In a preferred embodiment of the invention, the fluid cooling jacket has an outer circumferential surface, wherein the oil cooling jacket section has a sleeve with an inner peripheral surface, wherein the transmission oil is guided between the outer peripheral surface and the inner circumferential surface. In this way, a surface cooling of the transmission oil is possible. In addition, the thermal resistance between the fluid cooling jacket and the oil cooling jacket section is very small.

In a preferred embodiment of the invention Strömungsumlenkelemente are provided, wherein the Strömungsumlenkelemente between the sleeve, in particular the inner peripheral surface, and the fluid cooling jacket, in particular the outer peripheral surface, are arranged. By Strömungsumlenkelemente the fluidic path for the transmission oil is extended in the oil cooling jacket section, so that the cooling of the transmission oil is improved.

In a preferred structural realization of the invention, the Strömungsumlenkelemente are formed as webs, which are oriented in the axial direction and / or parallel to the main axis.
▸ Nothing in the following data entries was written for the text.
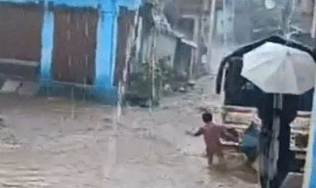 वैन का इंतजार कर रहे बच्चे पानी में बहे-
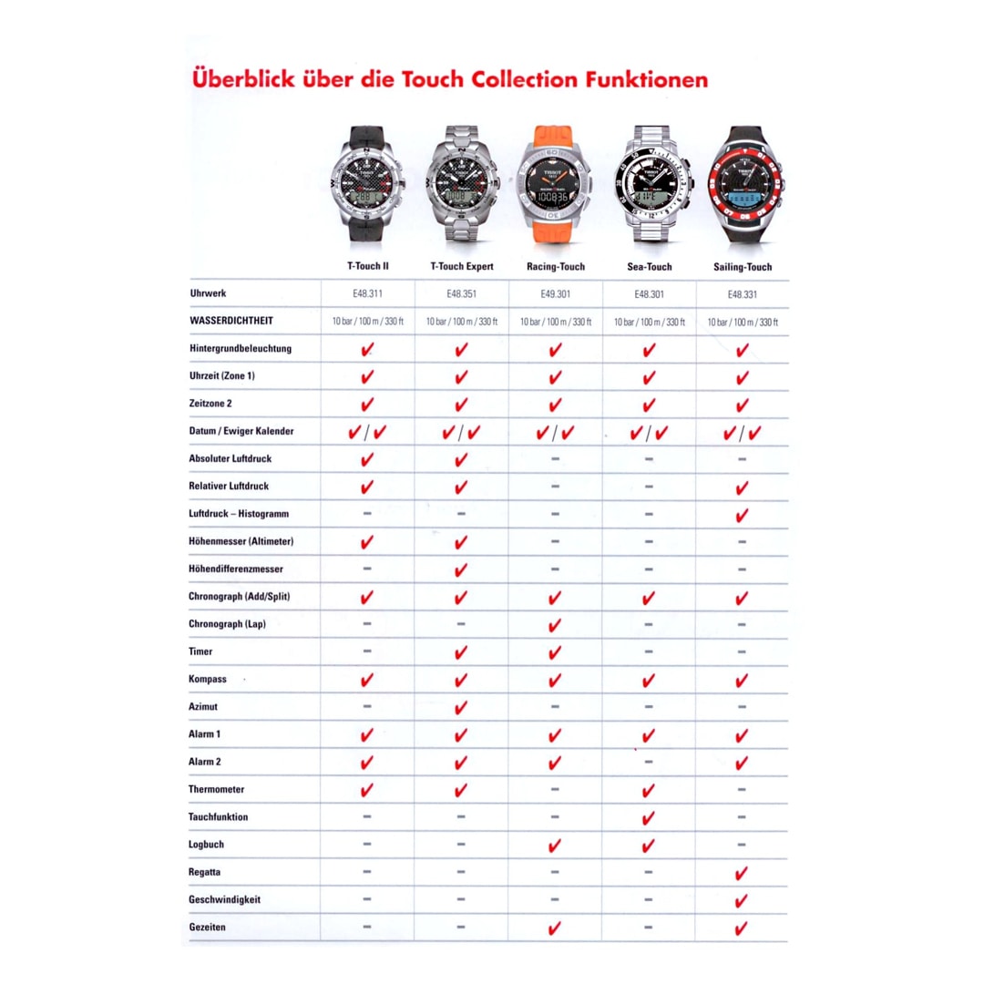 - J'ai commandé la montre T Touch pour mon mari. Il aime beaucoup l’horloge avec ses nombreuses fonctions faciles à utiliser. L'affaire s'adapte parfaitement à son poignet plutôt étroit. Le poids léger est très similaire à ce que nous pensons qu'il est en titane. Un grand compliment pour votre équipe, qui est très courtois et serviable. Nous allons commander à nouveau chez vous. (Posté le 01.09.2016)
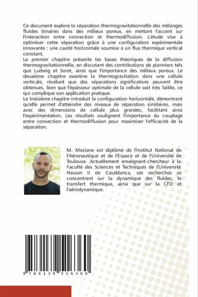 Ce document explore la séparation thermogravitationnelle des mélanges fluides binaires dans des milieux poreux, en mettant l'accent sur l'interaction entre convection et thermodiffusion. L'étude vise à optimiser cette séparation grâce à une configuration expérimentale innovante : une cavité horizontale soumise à un flux thermique vertical constant.Le premier chapitre présente les bases théoriques de la diffusion thermogravitationnelle, en discutant des contributions de pionniers tels que Ludwig et Soret, ainsi que l'importance des milieux poreux. Le deuxième chapitre examine la thermogravitation dans une cellule verticale, révélant que des séparations significatives peuvent être obtenues, bien que l'épaisseur optimale de la cellule soit très faible, ce qui complique son application pratique.Le troisième chapitre introduit la configuration horizontale, démontrant qu'elle permet d'atteindre des niveaux de séparation similaires, mais avec des dimensions de cellule plus grandes, facilitant ainsi l'expérimentation. Les résultats soulignent l'importance du couplage entre convection et thermodiffusion pour maximiser l'efficacité de la séparation.

Particularly preferably, first webs extend from an exit end region of the oil cooling jacket section and second webs extend from an inlet end region of the oil cooling jacket section, wherein the first and second webs mesh in a comb-like manner in order to lengthen the fluidic path.

In a possible structural embodiment of the invention, the oil circuit is guided so that the transition from a static oil circuit section takes place directly into the rotor shaft.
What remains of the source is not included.